Our hotel was in a piazza, surrounded by ancient buildings, and that night there was a band playing, consisting of a guitarist, a double bassist and a man who played the accordion. Me, Mum and Dad sat in a café in the piazza listening to the band after the award ceremony. We drank Prosecco and danced in our chairs. Suddenly Dad ran up to the band and told them I was a singer and they invited me to join them. I sang with them for hours and they made lots of money that night and wanted to share it with me. I didn’t want the money, though, I just felt so happy to be doing something I loved and that other people enjoyed too. Everyone was smiling. When I remember that day, that’s what I see: smiling faces. I was so excited about becoming a singer. When I went to bed that night I daydreamed that if I didn’t win the Sony contract singing competition I’d come back to
Rome and sing with this band in this square for the rest of my life.

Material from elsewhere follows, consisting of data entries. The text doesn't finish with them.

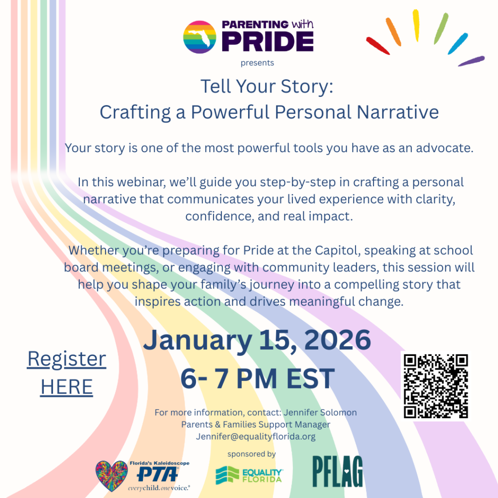 In this webinar, we’ll guide you step-by-step in crafting a personal narrative that communicates your lived experience with clarity, confidence, and real impact. Whether you’re preparing for Pride at the Capitol, speaking at school board meetings, or engaging with community leaders, this session will help you shape your family’s journey into a compelling story that inspires action and drives meaningful change.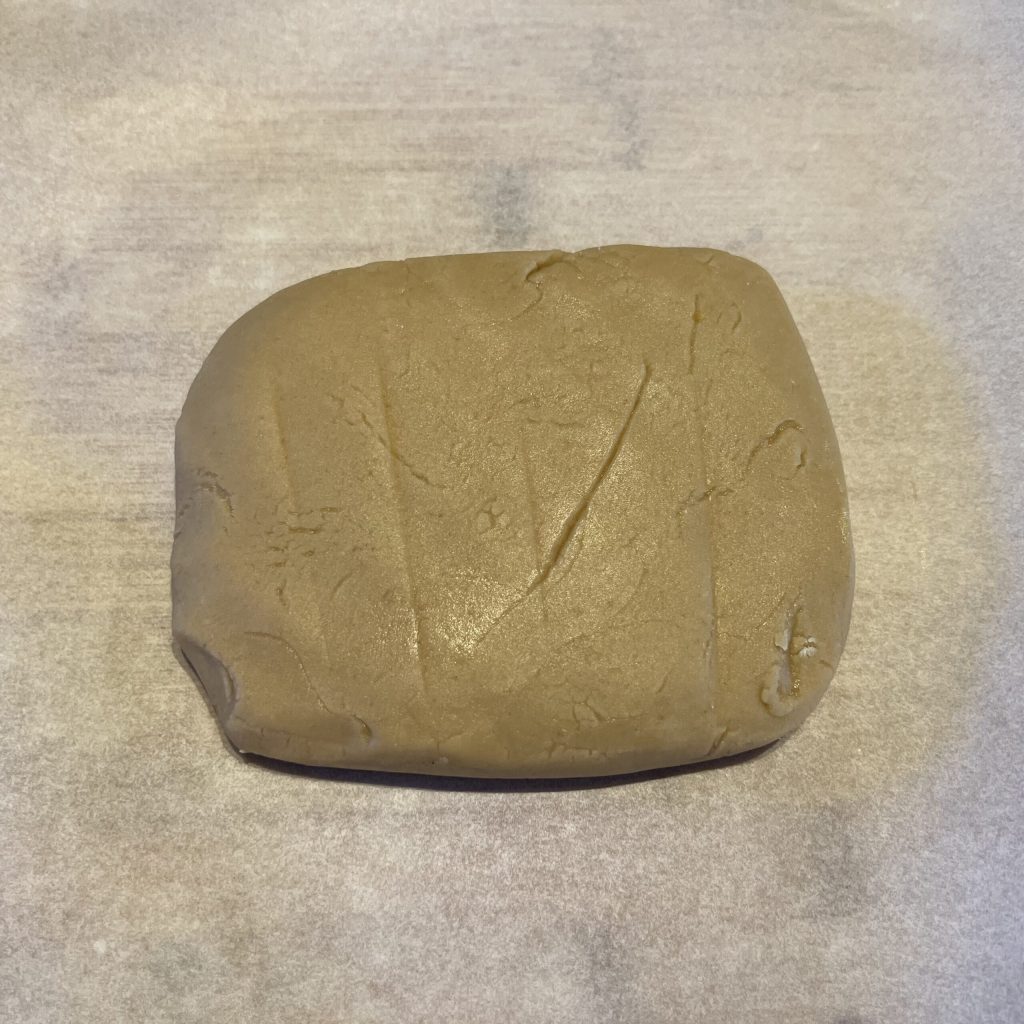 • Assim que a mistura começar a ganhar consistência, transfira-a para a bancada e continue a amassar até obter uma massa compacta, que você colocará para descansar na geladeira envolta em filme plástico
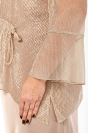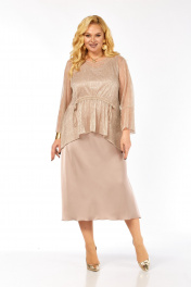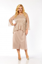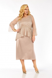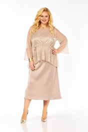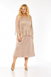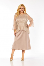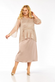 Уникальное платье, сочетает в себе изысканный дизайн. Модель платья подчеркнет вашу красоту и универсальность. Модель состоит из двух изделий платье и блуза. Платье полуприлегающего силуэта, длина миди Блуза выполнена из воздушной ткани, оно обладает свободным силуэтом, которая нежно обволакивает фигуру, создавая неповторимый образ. Горловина округлой формы. Эффектный втачной рукав, расширенный к низу. Блуза легко драпируется и очень выгодно и дорого подчёркивает образ, низ изделия асимметричный. Идеально подходит для торжественных выходов и не только!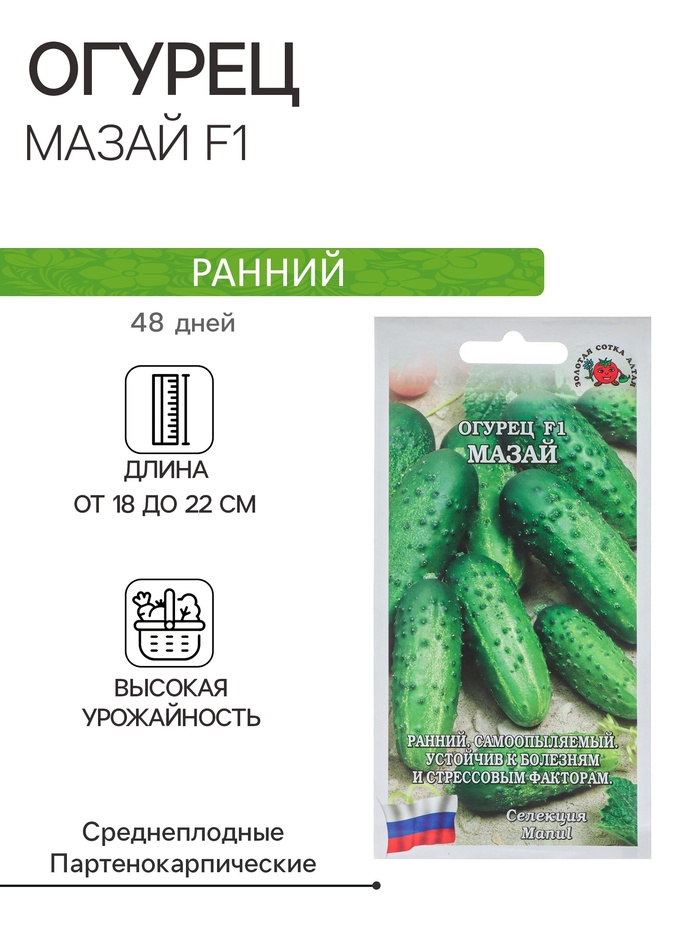 Семена Огурец «Мазай», F1, 0.15 г, ранний, «Золотая сотка Алтая»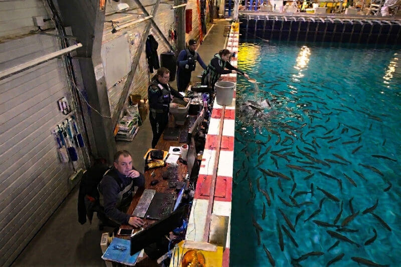 Le LHEEA (Laboratoire de recherche en hydrodynamique, énergétique et environnement atmosphérique) pilote les travaux liés à l’observation et à la modélisation des déplacements de truites en environnement contrôlé. Grâce à son bassin de génie océanique, les équipes étudient les interactions entre individus et les effets de sillage générés par leurs déplacements, afin d’identifier des configurations propices à la production d’énergie.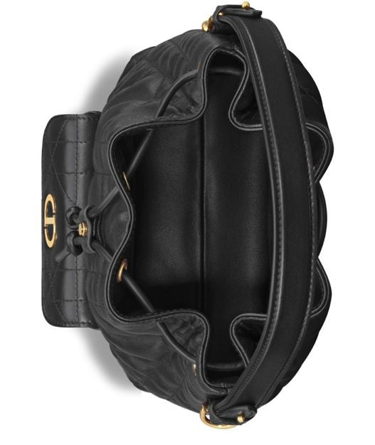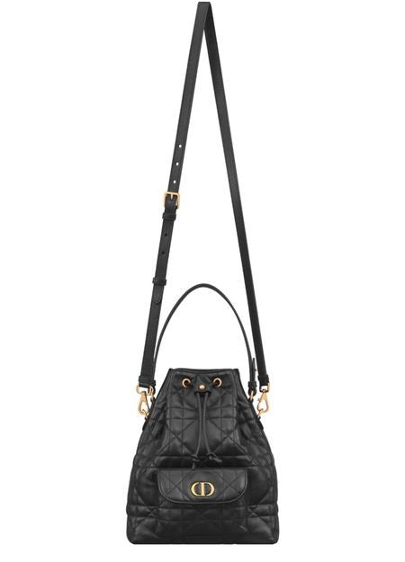 説明 : CD signature on the front, drawstring closure, slip pocket on the front with magnetic flap, interior slip pocket, removable leather top handle, adjustable and removable leather shoulder strap.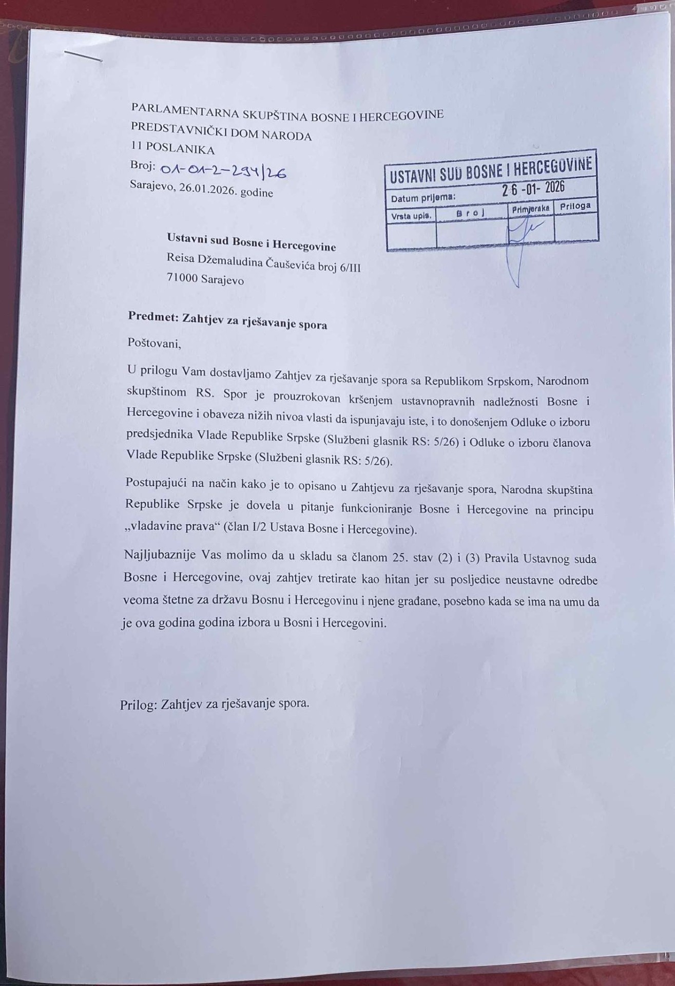 - Najljubaznije Vas molimo da zahtjev tretirate kao hitan jer su posljedice neustavne odredbe veoma štetne za državu Bosne i Hercegovine i njene građane, posebno kada se ima na umu da je ova godina godina izbora u Bosni i Hercegovini - navedeno je u dopisu 11 zastupnika Ustavnom sudu BiH kojeg je objavio zastupnik SDA u Parlamentu BiH Edin Ramić na svom Facebook profilu.

Ricardo is smiling at me. He’s been smiling at me all night. The memory of Rome is so lovely that I’ve been managing to smile back, even though we’re sitting at the table Danny and I used to call ‘our table’. Danny and I used to come to The Paradise a lot when I still lived at home with Mum. Pretty much once a week he’d treat me to dinner here and we liked this table. Me, because it was near the fairy lights; him, because he said it was easy to get the bar guy’s attention when he wanted another pint; both of us, because it was away from the crowds and suitable for snogging.

‘We ’av a saying in Etaly. You no do two theengs at the same time, or you get sheet on your shoes,’ Ricardo said when I sat down. Whatever it means made absolutely no sense to me, but it’s his reason for refusing to talk business until we’ve finished eating.

As a result, he knows far more about me than any other client I’ve ever had. I even told him about the brutal Danny dumping. An elementary error, as since he’s learned that piece of information he keeps touching my leg or arm every time he speaks to me.

‘So, are you from London?’ he says, stroking my shoulder.

‘Yes, I grew up round here actually.’

‘And your family. They live here steel.’

‘Er, well, yes. But it’s only my mum.’

‘Ah, ees she beautiful, like you?’

Perv. But he’s put his knife and fork together, so at last I can be an estate agent again.

‘She’s far more beautiful than me,’ I say quickly, and I
wriggle free from his embrace to get out my A4 notebook and start getting down to business. ‘Now, let me ask you a few questions about what you’re looking for?’

‘Grace, I need a house and an apartment. I want them to be beautiful. I have no budget. That ees all you need to know.’